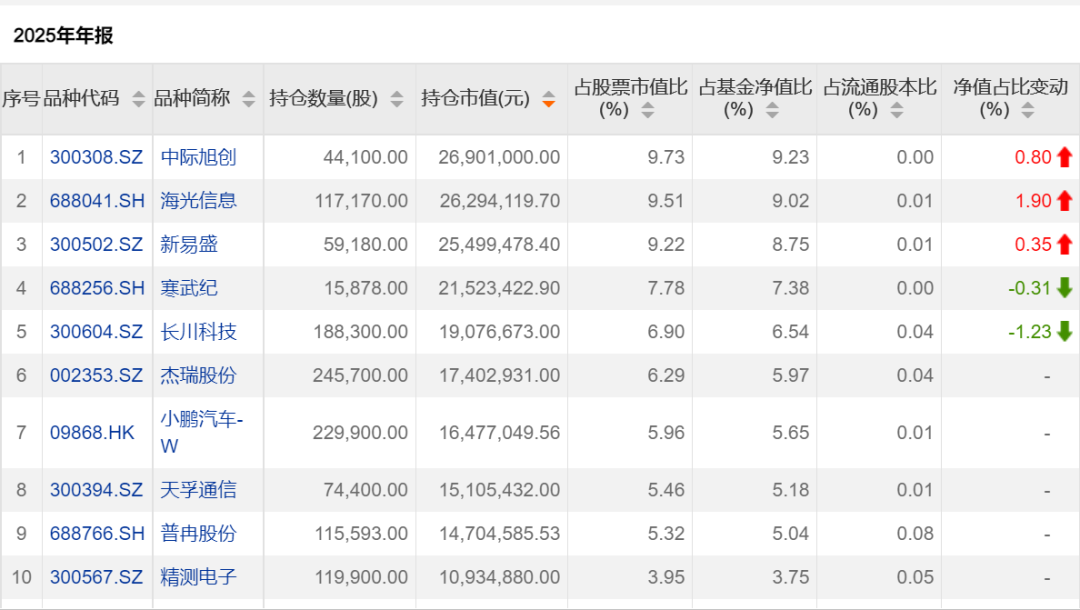 具体来看,截至2025年底,杰瑞股份、小鹏汽车-W、天孚通信、普冉股份、精测电子新进为同泰数字经济主题股票基金前十大重仓股。从同泰新能源优选1年持有期股票基金持仓来看,截至2025年底,斯瑞新材、东方电气、应流股份新进为基金前十大重仓股。
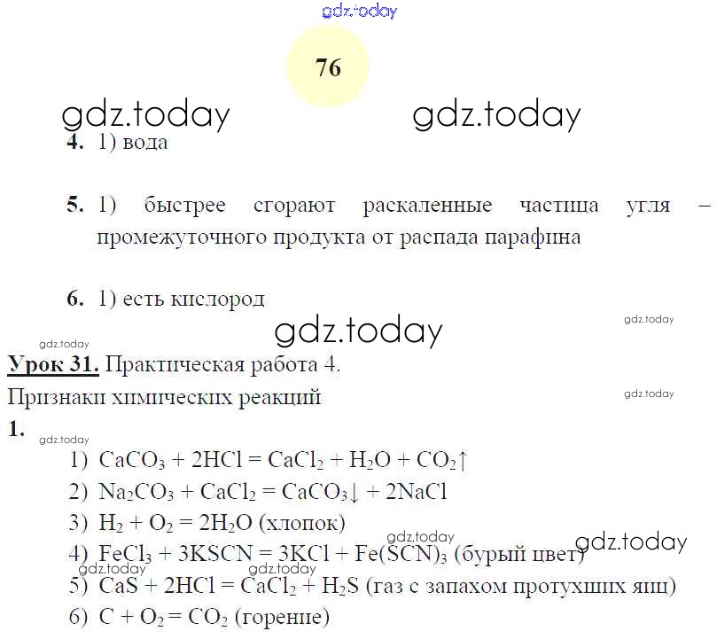 На страницах сайта gdz.today вы найдете учебный и вспомогательный материал, направленный на улучшения знаний школьной программы. ГДЗ - онлайн мир знаний Страницы (решение) 76 Рабочей тетради по Химии для 8 класса Микитюк Экзамен УМК 2015
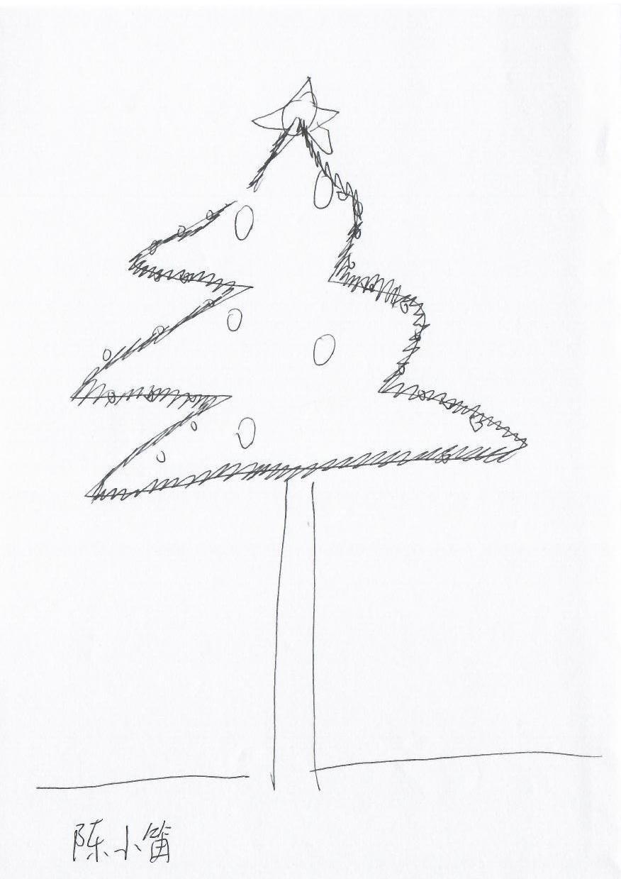 这幅作品是一幅简单的线条画,描绘了一棵圣诞树。主要元素包括树的轮廓、装饰的圆形物体以及树顶的星星。整体构图简约,给人一种轻松和天真的感觉,可能传达了一种纯粹的节日喜悦。
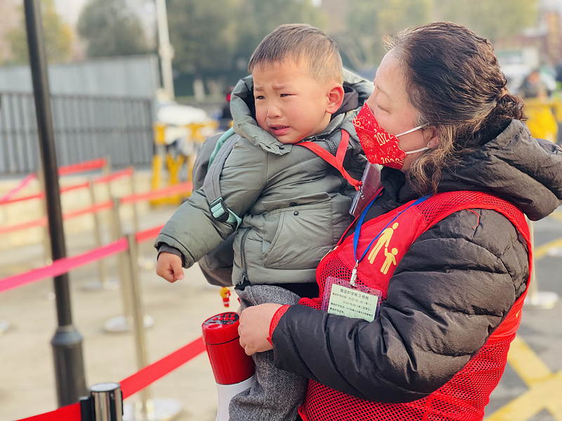 “宝贝,今天不哭了,奶奶抱你进幼儿园好不好?”
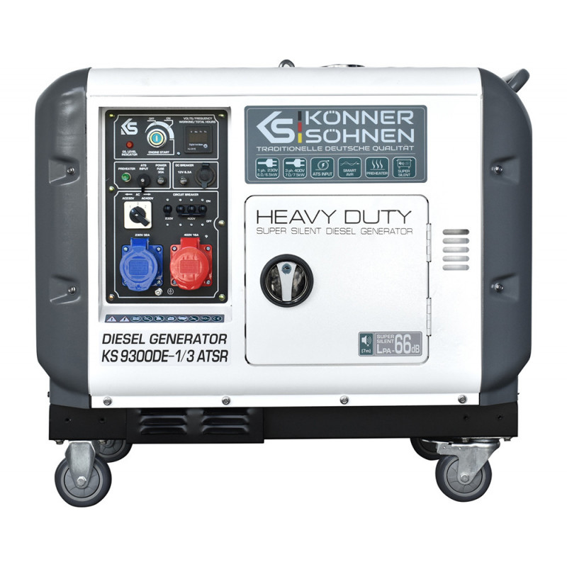 Generatorul diesel seria KS 9300DE-1/3 ATSR a mărcii germane „Könner & Söhnen” este o alegere excelentă ca sursă de alimentare de rezervă. Echipat cu o carcasă insonorizata, acest model este ideal pentru magazine mici, cafenele, restaurante și este deosebit de popular printre proprietarii de case private, unde datorităm întreruperilor frecvente de curent, o sursa de alimentare de urgență este o necesitate.
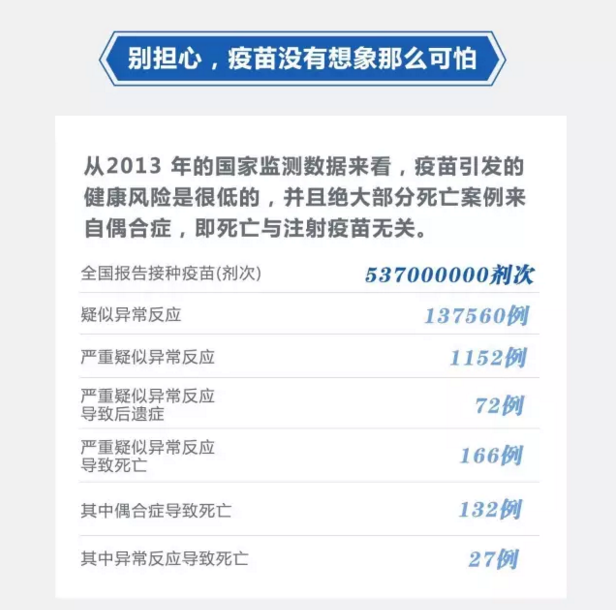 根据你微信公众号"全民较真"(ID:Fact_Check)的图表,疫苗引发的健康风险是很低的,导致后遗症或死亡的,更是少之又少。
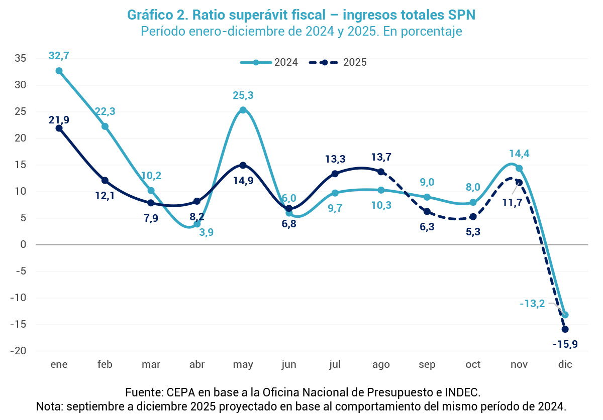 En agosto, el superávit primario representó el 13,7% de los ingresos totales del SPN. Esto significa que el Estado logró ahorrar $13,7 por cada $100 recaudados. Este ratio es superior al alcanzado en agosto de 2024 (10,3%), estabilizando la capacidad de ahorro en relación a los ingresos, y siendo un dato clave para monitorear la consistencia del programa fiscal.
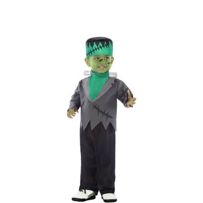 Disfraz de Monstruo Franky para niño y bebé. Incluye pantalón, camisa y gorro. No incluye calzado. Perfecto en fiestas del terror como Halloween.
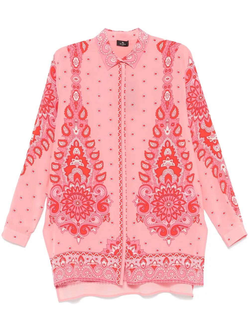 rose pink front button placket buttoned cuffs side slits box-pleat detail
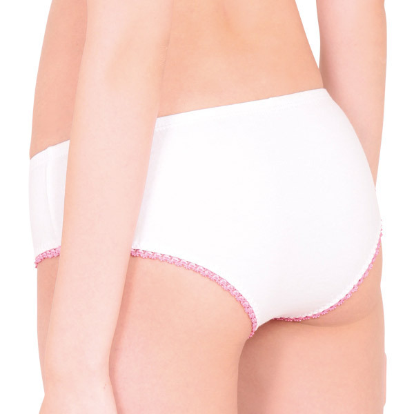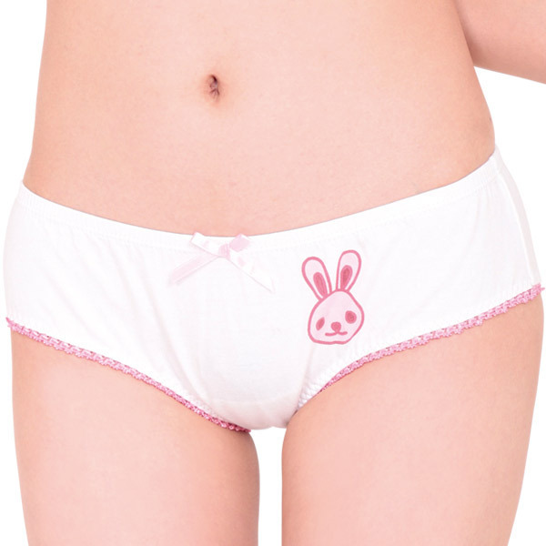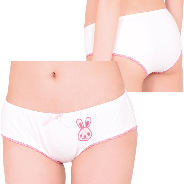 ●やさしい肌触りの綿混素材●フロントにウサギプリント●ちょこんと控えめなピンクリボン●脚ぐりをぐるりとピコットレースで加工●ヒップを優しく包むフルバック。
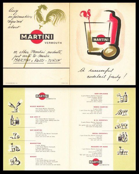 Martini Vermouth. A successful cocktail party. Depliant pubblicitario.
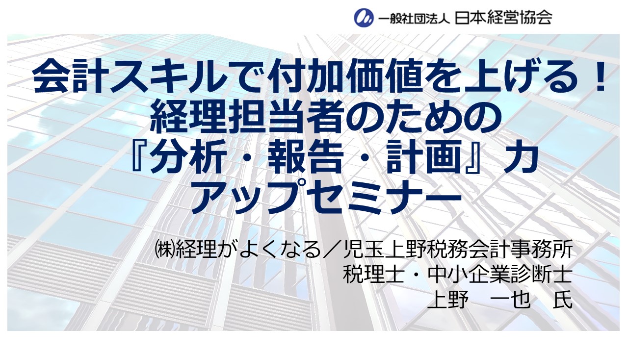 ① いま、経理に求められる会計スキル(会計の専門家としての見方や意見/わかりやすい報告とフィードバック/予算編成のサポート・利益予測等)を踏まえ、講義します。
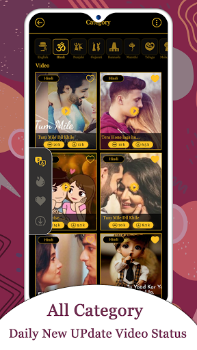 ๐จ๐ซ ๐๐ก๐๐ญ๐ฌ๐๐ฉ๐ฉ include various category video status like Hindi Video Status, English Video Status, Punjabi Video Status, Gujarati Video Status, Malayalam Video Status, Kannada Video Status, Telugu Video Status, Bhojapuri Video Status include all this in one app.
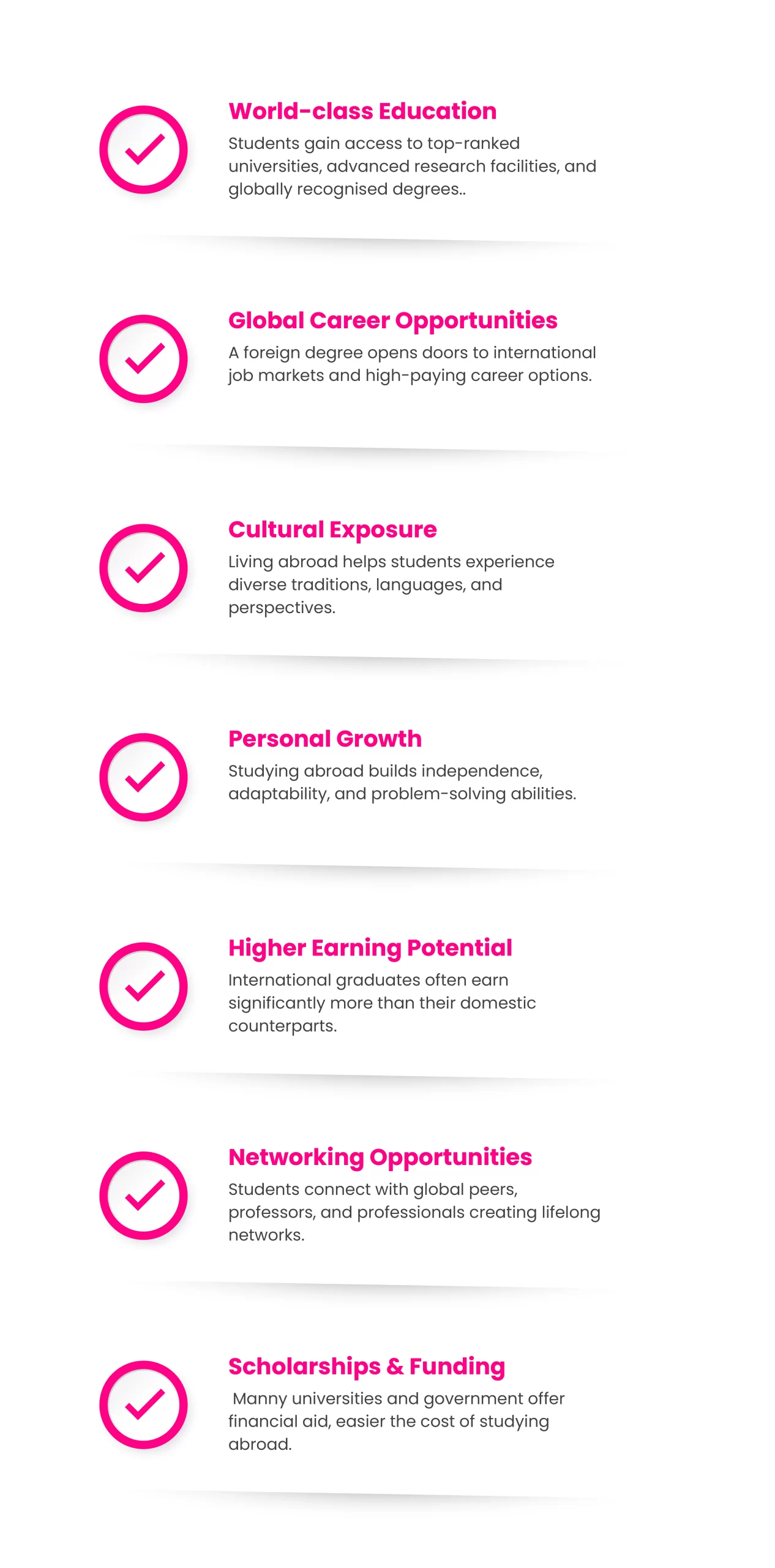 5. Boosting Employability: At last, the counsellors help you with internships, networking opportunities and career-building strategies while you study abroad. The counsellors help you connect with industry leaders and alumni, giving you the valuable exposure to high-paying career paths without struggling much on your own.
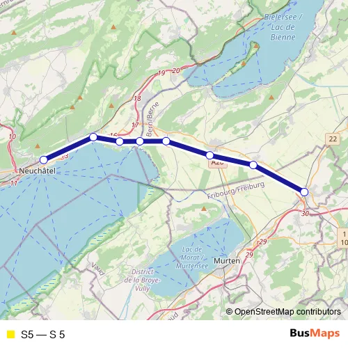 The first stop of the S5 rail route is Kerzers and the last stop is Neuchâtel. S5 (S 5) is operational during everyday.
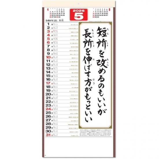 カレンダー 2026 壁掛け (格言集)心紐付き
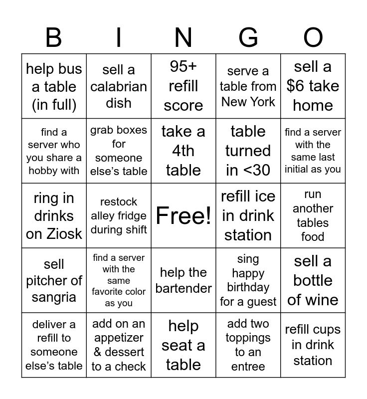 This bingo card has a free space and 24 words: deliver a refill to someone else’s table, find a server with the same favorite color as you, take a 4th table, add two toppings to an entree, sell a $6 take home, help bus a table (in full), sell a calabrian dish, 95+ refill score, refill ice in drink station, run another tables food, ring in drinks on Ziosk, grab boxes for someone else’s table, sing happy birthday for a guest, sell a bottle of wine, find a server who you share a hobby with, add on an appetizer & dessert to a check, help seat a table, serve a table from New York, find a server with the same last initial as you, sell pitcher of sangria, restock alley fridge during shift, help the bartender, table turned in <30 and refill cups in drink station.
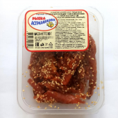 Сушено-вяленая пищевая рыбная продукция. "Кальмар тихоокеанский сушено-вяленый с перцем чили и кунжутом (РВАНЫЙ)" 300г
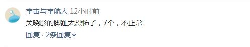 仔细一看,出现灵异事件了,关晓彤这脚趾好像不太对劲吧,还不止多了一个,是多了两个......7个脚趾头,这太吓人了!密集恐惧症或者害怕的直接略过下面这张图吧

REQUIREMENT:
Copy out all the data exactly; skip the pictures.

EXERCISE RESULT:
 具体来看,截至2025年底,杰瑞股份、小鹏汽车-W、天孚通信、普冉股份、精测电子新进为同泰数字经济主题股票基金前十大重仓股。从同泰新能源优选1年持有期股票基金持仓来看,截至2025年底,斯瑞新材、东方电气、应流股份新进为基金前十大重仓股。
 На страницах сайта gdz.today вы найдете учебный и вспомогательный материал, направленный на улучшения знаний школьной программы. ГДЗ - онлайн мир знаний Страницы (решение) 76 Рабочей тетради по Химии для 8 класса Микитюк Экзамен УМК 2015
 这幅作品是一幅简单的线条画,描绘了一棵圣诞树。主要元素包括树的轮廓、装饰的圆形物体以及树顶的星星。整体构图简约,给人一种轻松和天真的感觉,可能传达了一种纯粹的节日喜悦。
 “宝贝,今天不哭了,奶奶抱你进幼儿园好不好?”
 Generatorul diesel seria KS 9300DE-1/3 ATSR a mărcii germane „Könner & Söhnen” este o alegere excelentă ca sursă de alimentare de rezervă. Echipat cu o carcasă insonorizata, acest model este ideal pentru magazine mici, cafenele, restaurante și este deosebit de popular printre proprietarii de case private, unde datorităm întreruperilor frecvente de curent, o sursa de alimentare de urgență este o necesitate.
 根据你微信公众号"全民较真"(ID:Fact_Check)的图表,疫苗引发的健康风险是很低的,导致后遗症或死亡的,更是少之又少。
 En agosto, el superávit primario representó el 13,7% de los ingresos totales del SPN. Esto significa que el Estado logró ahorrar $13,7 por cada $100 recaudados. Este ratio es superior al alcanzado en agosto de 2024 (10,3%), estabilizando la capacidad de ahorro en relación a los ingresos, y siendo un dato clave para monitorear la consistencia del programa fiscal.
 Disfraz de Monstruo Franky para niño y bebé. Incluye pantalón, camisa y gorro. No incluye calzado. Perfecto en fiestas del terror como Halloween.
 rose pink front button placket buttoned cuffs side slits box-pleat detail
 ●やさしい肌触りの綿混素材●フロントにウサギプリント●ちょこんと控えめなピンクリボン●脚ぐりをぐるりとピコットレースで加工●ヒップを優しく包むフルバック。
 Martini Vermouth. A successful cocktail party. Depliant pubblicitario.
 ① いま、経理に求められる会計スキル(会計の専門家としての見方や意見/わかりやすい報告とフィードバック/予算編成のサポート・利益予測等)を踏まえ、講義します。
 ๐จ๐ซ ๐๐ก๐๐ญ๐ฌ๐๐ฉ๐ฉ include various category video status like Hindi Video Status, English Video Status, Punjabi Video Status, Gujarati Video Status, Malayalam Video Status, Kannada Video Status, Telugu Video Status, Bhojapuri Video Status include all this in one app.
 5. Boosting Employability: At last, the counsellors help you with internships, networking opportunities and career-building strategies while you study abroad. The counsellors help you connect with industry leaders and alumni, giving you the valuable exposure to high-paying career paths without struggling much on your own.
 The first stop of the S5 rail route is Kerzers and the last stop is Neuchâtel. S5 (S 5) is operational during everyday.
 カレンダー 2026 壁掛け (格言集)心紐付き
 This bingo card has a free space and 24 words: deliver a refill to someone else’s table, find a server with the same favorite color as you, take a 4th table, add two toppings to an entree, sell a $6 take home, help bus a table (in full), sell a calabrian dish, 95+ refill score, refill ice in drink station, run another tables food, ring in drinks on Ziosk, grab boxes for someone else’s table, sing happy birthday for a guest, sell a bottle of wine, find a server who you share a hobby with, add on an appetizer & dessert to a check, help seat a table, serve a table from New York, find a server with the same last initial as you, sell pitcher of sangria, restock alley fridge during shift, help the bartender, table turned in <30 and refill cups in drink station.
 Сушено-вяленая пищевая рыбная продукция. "Кальмар тихоокеанский сушено-вяленый с перцем чили и кунжутом (РВАНЫЙ)" 300г
 仔细一看,出现灵异事件了,关晓彤这脚趾好像不太对劲吧,还不止多了一个,是多了两个......7个脚趾头,这太吓人了!密集恐惧症或者害怕的直接略过下面这张图吧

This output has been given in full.